Ellen Brown.pngToday’s guest blog is by Ellen Brown, certified professional coach in Cleveland, Ohio who works with clients, by phone, all over the country, to help them overcome their challenges with courage, hope and optimism. She is also a regular contributor to ShareWIK.com.
My journey began about 11 years ago, when I was working as a home-based writer, and memories of sexual abuse and rape suddenly began flooding my consciousness. It was a good thing I was self-employed, at the time, because what happened over the course of the next few years sent me spiraling out of control.
In the beginning, I experienced intense flashbacks and body memories, which forced me to re-live the abuse that occurred when I was young. At times, I was blind-sided by waves of physical and emotional pain.
At first, I couldn’t believe what was happening to me, and hoped and prayed I was inventing these horrifying images. That the physical pain I was feeling was fake. That I was creating these fantasies. Because that was more comforting than believing that the people I trusted had betrayed me.
But the more I resisted, the more the memories persisted. On and on, like a nightmare that would seemingly never end.
The good news is that when I finally allowed myself to believe the memories were true, the flashbacks and body memories tapered off and eventually stopped. But there was still plenty to overcome. Over the course of the next several years, I did a great deal of healing, in therapy and support groups and with the help of my wonderfully loving husband, Jeff and some supportive survivor friends.
Dealing with Abuse Takes Time, But How Much Time?
They say that dealing with child abuse or any difficult loss takes time, and that’s true. But in my opinion, it doesn’t need to take THAT much time, and sometimes, if you’re not careful, it can take a lifetime to move beyond the pain. One day, I realized that my life was slipping away, and I had allowed my entire identity to become tied up in being a “survivor.”

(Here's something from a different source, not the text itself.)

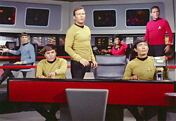Though the world around him was full of racism, bigotry, and xenophobia, not to mention the Cold War fallout shelters, the show that Gene Roddenberry imagined and ultimately created offered a much different view of mankind in the future. Rather than displaying a hatred toward the Russians (who the US were not on friendly terms with in any sense of the word) and the Asians (the US had fought the Japanese in WWII, against the North Koreans, backed by both China and the Soviet Union, in the early 1950s, and at the time in 1964, the Chinese government was currently backing the North Vietnamese), the bridge crew of the starship Enterprise included likable Russian and Asian crew members, Ensign Pavel Chekov and Lieutenant Hikaru Sulu. Rather than portraying an African-American woman as a second-class citizen (as they typically were in the society of the day), on the starship Enterprise she was the intelligent, sexy polyglot and communications officer, Nyota Uhura. Though there was no hatred toward the Scottish people at the time (that I know of), we even had a likable chief engineer, Montgomery Scott, with a Scottish accent. To top it all off, the First Officer of the ship was a pointy-eared, green-blooded alien from the planet Vulcan, Mr. Spock. Gene Roddenberry wanted the show to reflect a crew with cooperative racial diversity at its finest. Remember, this was all presented as a conceptual television show in early 1964… a few months before the Civil Rights Act was enacted, making it legal for a black man to drink water from a previously “whites only” drinking fountain.
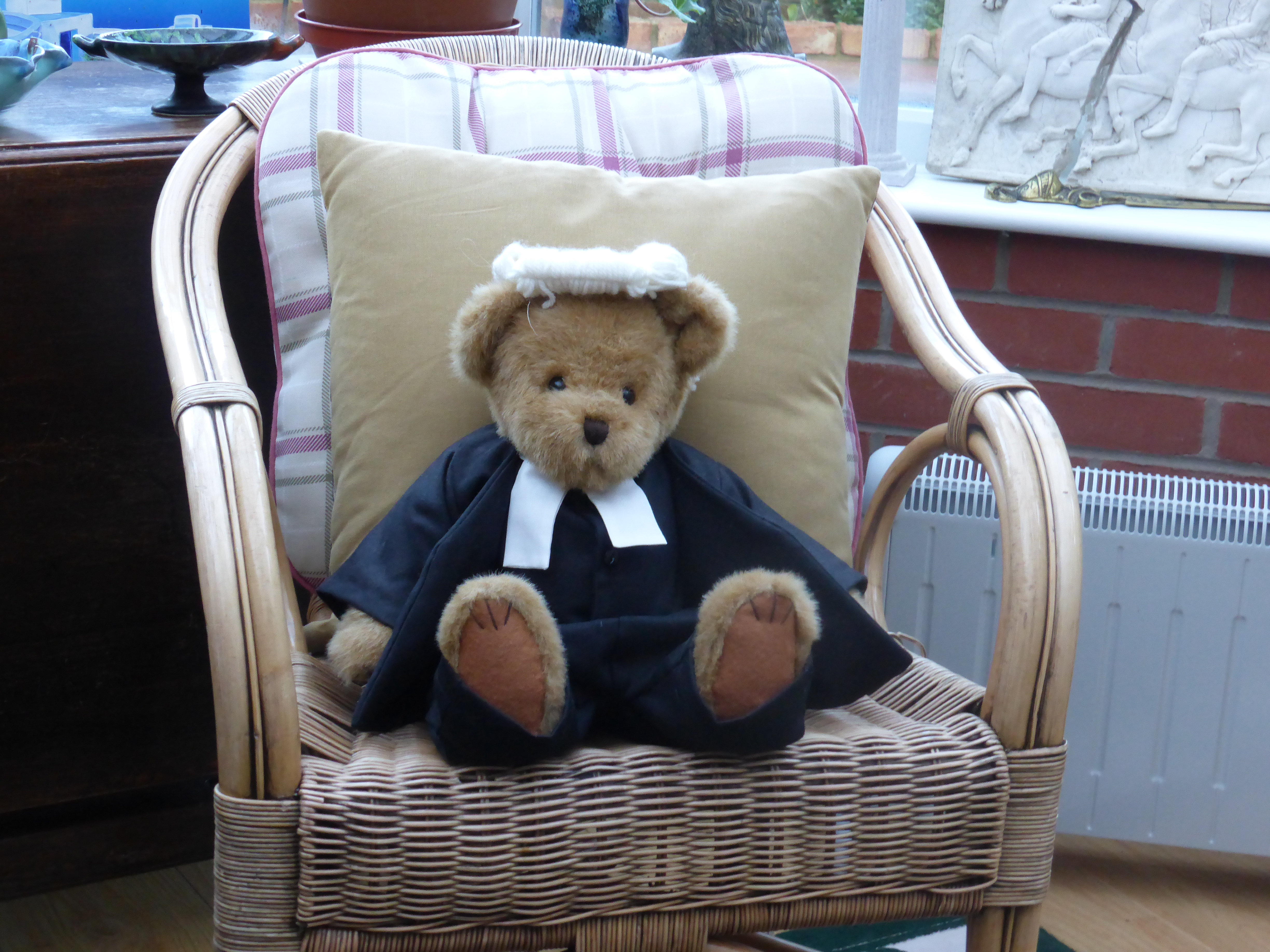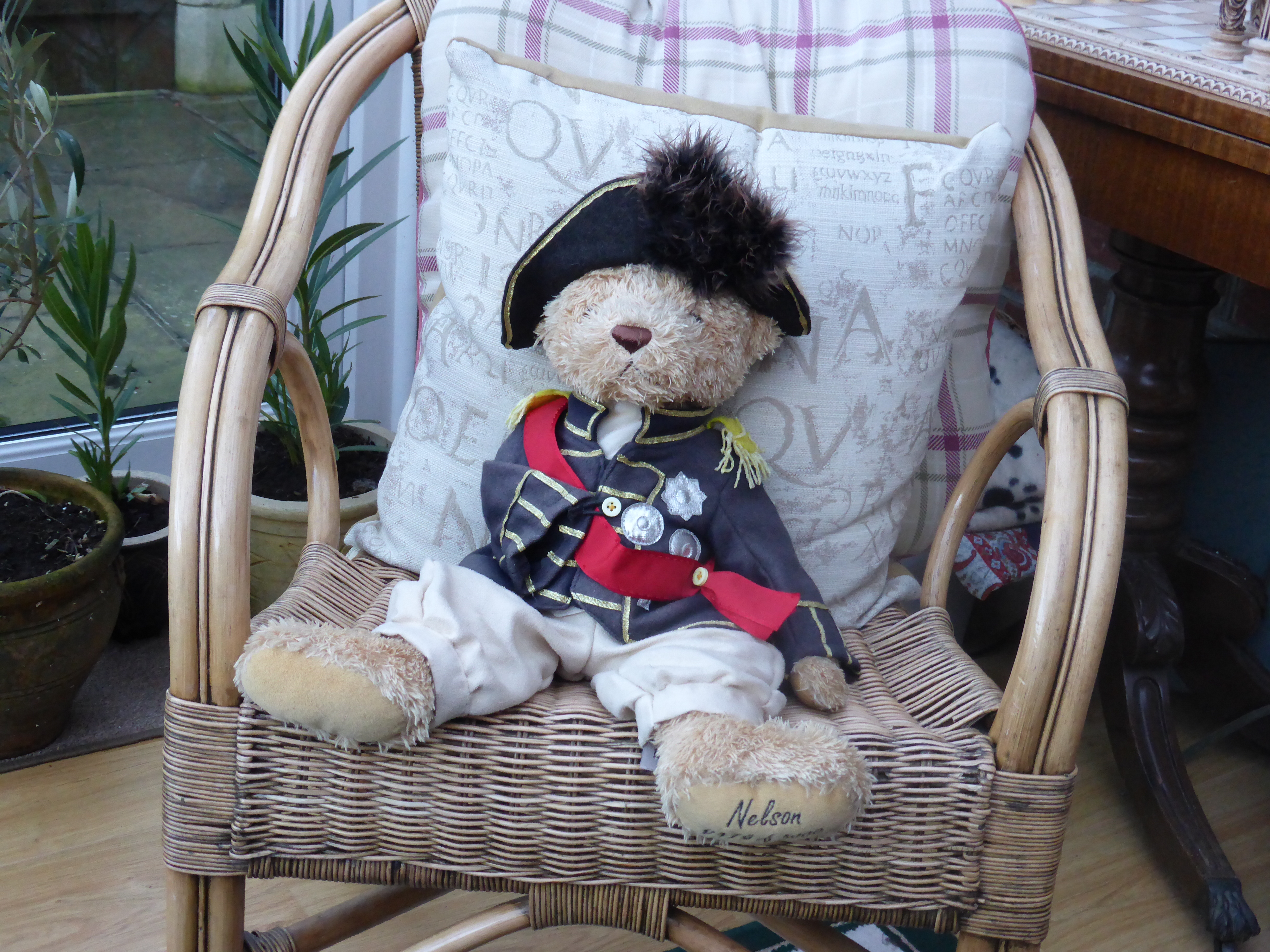 We have two teddy bears in the conservatory, Horatio and Mortimer, and they guard the chairs from possession by our cat. Then there are three more teddy bears in the house – my bear who, believe it or not, is called Teddy and is as old as I am; and Sarah’s two teddy bears, one as old as her and one brought back from Hong Kong by her father returning from his Royal Naval duties in the mid-1960s. These three teddy bears live together in the lounge/study but I decided that they could come and join Horatio, Mortimer and myself in the conservatory that evening.

At that point, I realized I had a choice. I could continue to wear my “survivor label” like a badge of honor and blame others for what I didn’t like about my life. Or I could take responsibility for my life, and realize that my past didn’t have to define me. Yes, I was a survivor of sexual abuse and rape, but I was so much MORE than that. I didn’t want to just survive, I wanted to THRIVE!
It was probably no coincidence that I began exploring my spirituality at this same time. I had never been religious, (and I’m still not) but suddenly I wanted to believe that all these memories had bubbled up for a reason, that there WAS, in fact, some divine plan. That something good would come of these horrible revelations.